PROBLEM ▸ Could you output each line below precisely as it stands, without the images?

RECORDED INFORMATION ▸
——
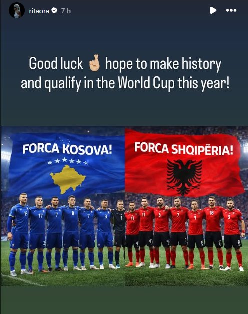 Këngëtarja me famë botërore, Rita Ora, ka shprehur mbështetjen e saj për Kosovën dhe Shqipërinë përmes një postimi në rrjetin social Instagram, në prag të ndeshjeve të rëndësishme që zhvillohen sot.
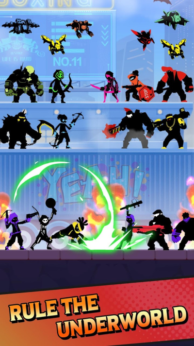 3、通过不断的闯关来解锁更多有着全新能力的火柴人,使用炫酷的格斗技巧进行战斗。
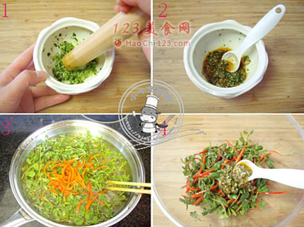 4、将汆烫好的马齿菜捞起冲凉开水,然后将挤干水分的马齿菜和调味料拌匀后即可食用。
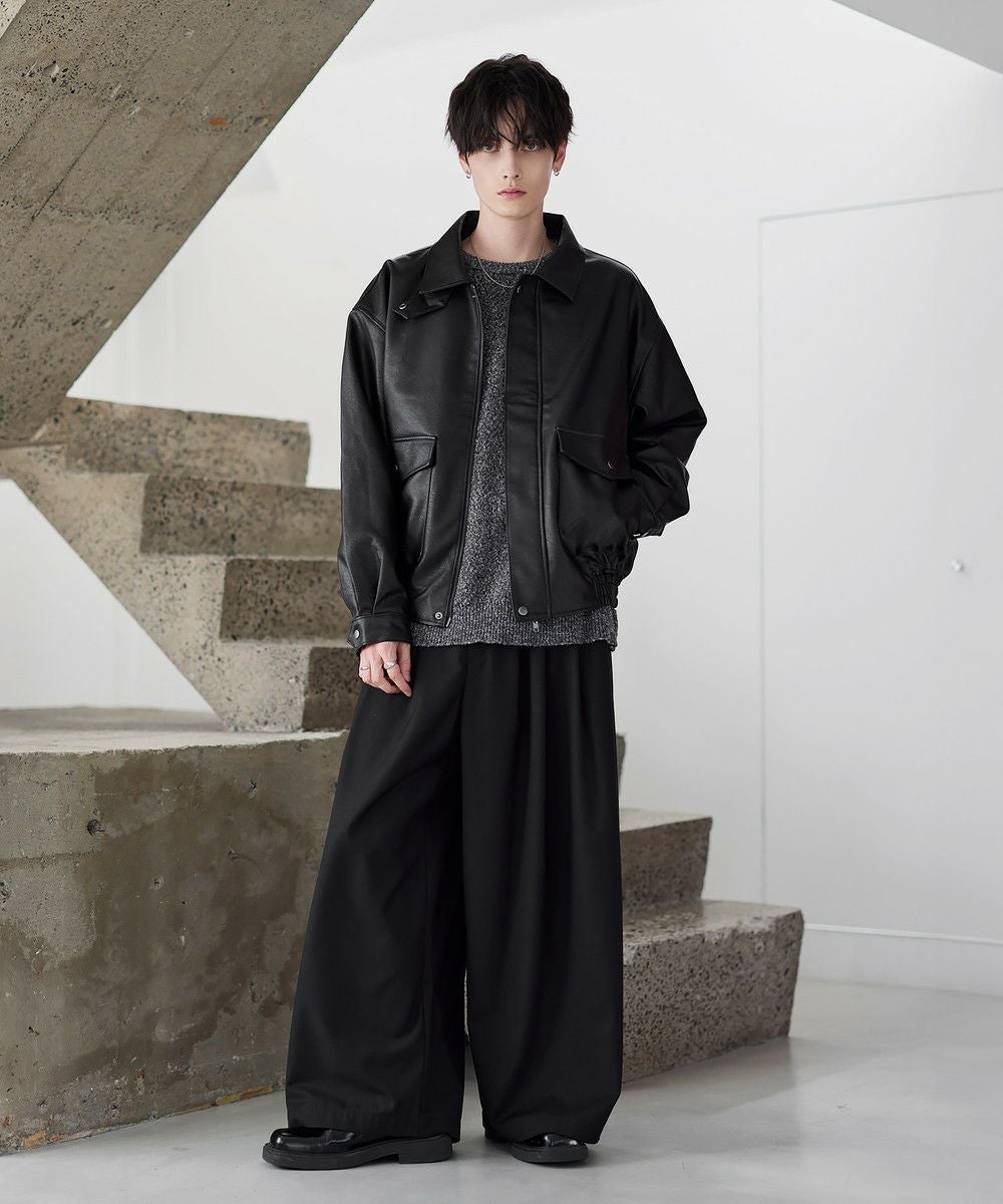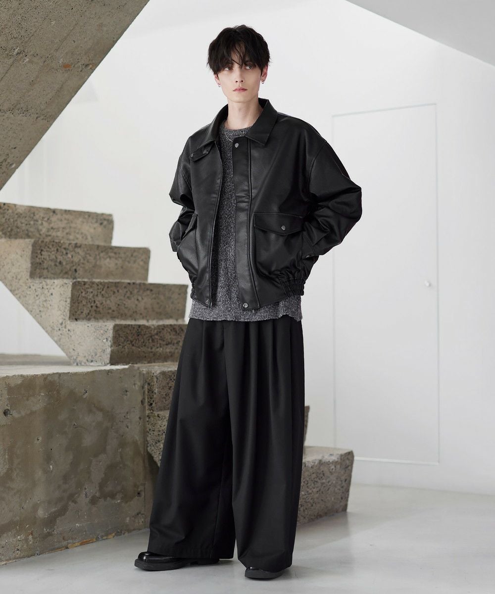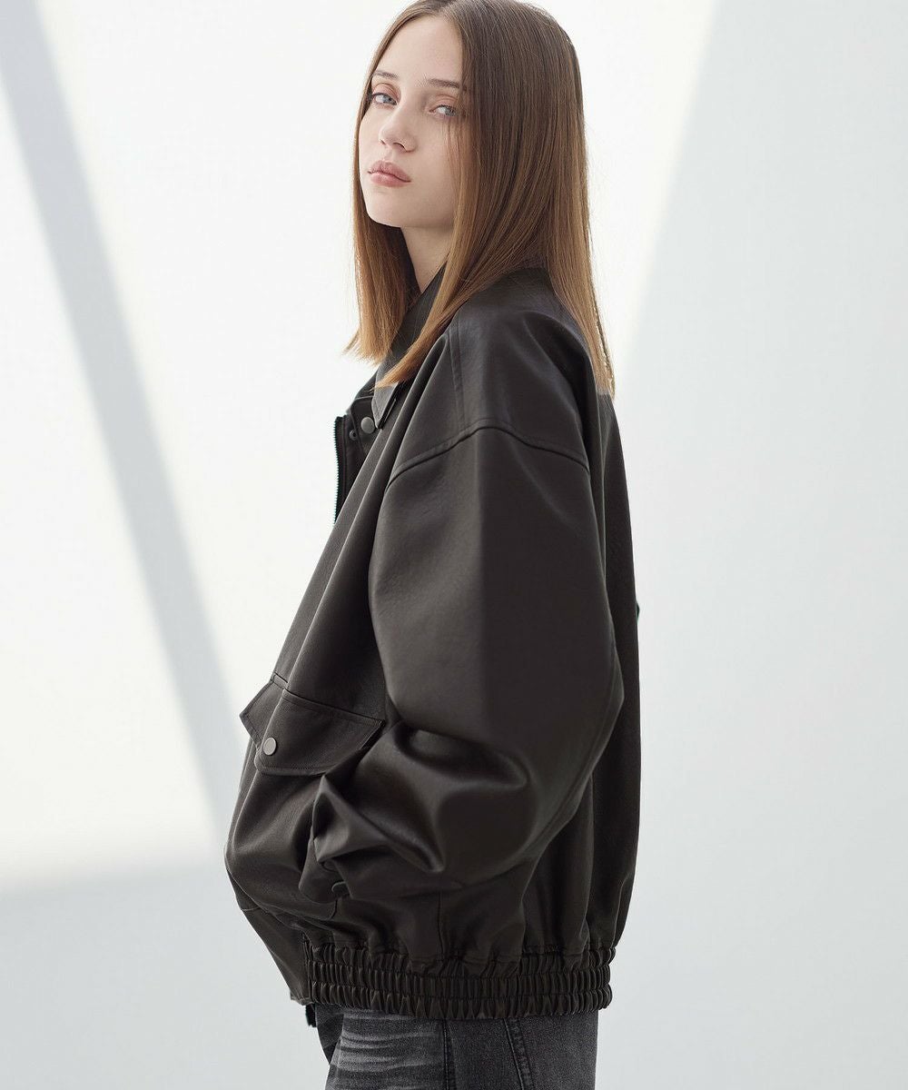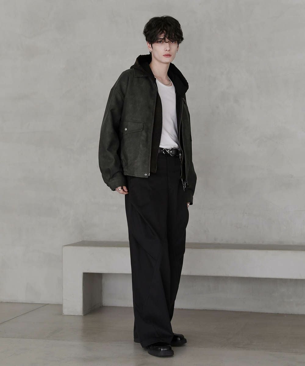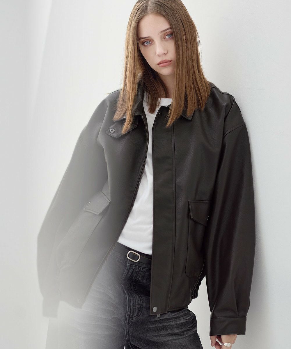 米陸軍航空隊のシンボルであるフライトジャケット、A-2をトレンドに落とし込んだ1着。リアルな質感にこだわり、本革のようなシボ感とマットな質感が魅力です。ワイドな身幅にドロップショルダー、着丈はショート丈にすることで、着回しやすくスタイルアップが叶う1着。フロントの大きめなフラップポケットやチンストラップなど、ミリタリーのディティールがアクセントになっています。チンストラップを留めて、スタンドネックとしても着用が可能。また、フロントはジップとスナップボタンの比翼仕立てになっており、ジップを閉めると隙間風の侵入を防いで防寒性を高めてくれます。
——
ANSWER FOR THIS EXERCISE ▸
 Këngëtarja me famë botërore, Rita Ora, ka shprehur mbështetjen e saj për Kosovën dhe Shqipërinë përmes një postimi në rrjetin social Instagram, në prag të ndeshjeve të rëndësishme që zhvillohen sot.
 3、通过不断的闯关来解锁更多有着全新能力的火柴人,使用炫酷的格斗技巧进行战斗。
 4、将汆烫好的马齿菜捞起冲凉开水,然后将挤干水分的马齿菜和调味料拌匀后即可食用。
 米陸軍航空隊のシンボルであるフライトジャケット、A-2をトレンドに落とし込んだ1着。リアルな質感にこだわり、本革のようなシボ感とマットな質感が魅力です。ワイドな身幅にドロップショルダー、着丈はショート丈にすることで、着回しやすくスタイルアップが叶う1着。フロントの大きめなフラップポケットやチンストラップなど、ミリタリーのディティールがアクセントになっています。チンストラップを留めて、スタンドネックとしても着用が可能。また、フロントはジップとスナップボタンの比翼仕立てになっており、ジップを閉めると隙間風の侵入を防いで防寒性を高めてくれます。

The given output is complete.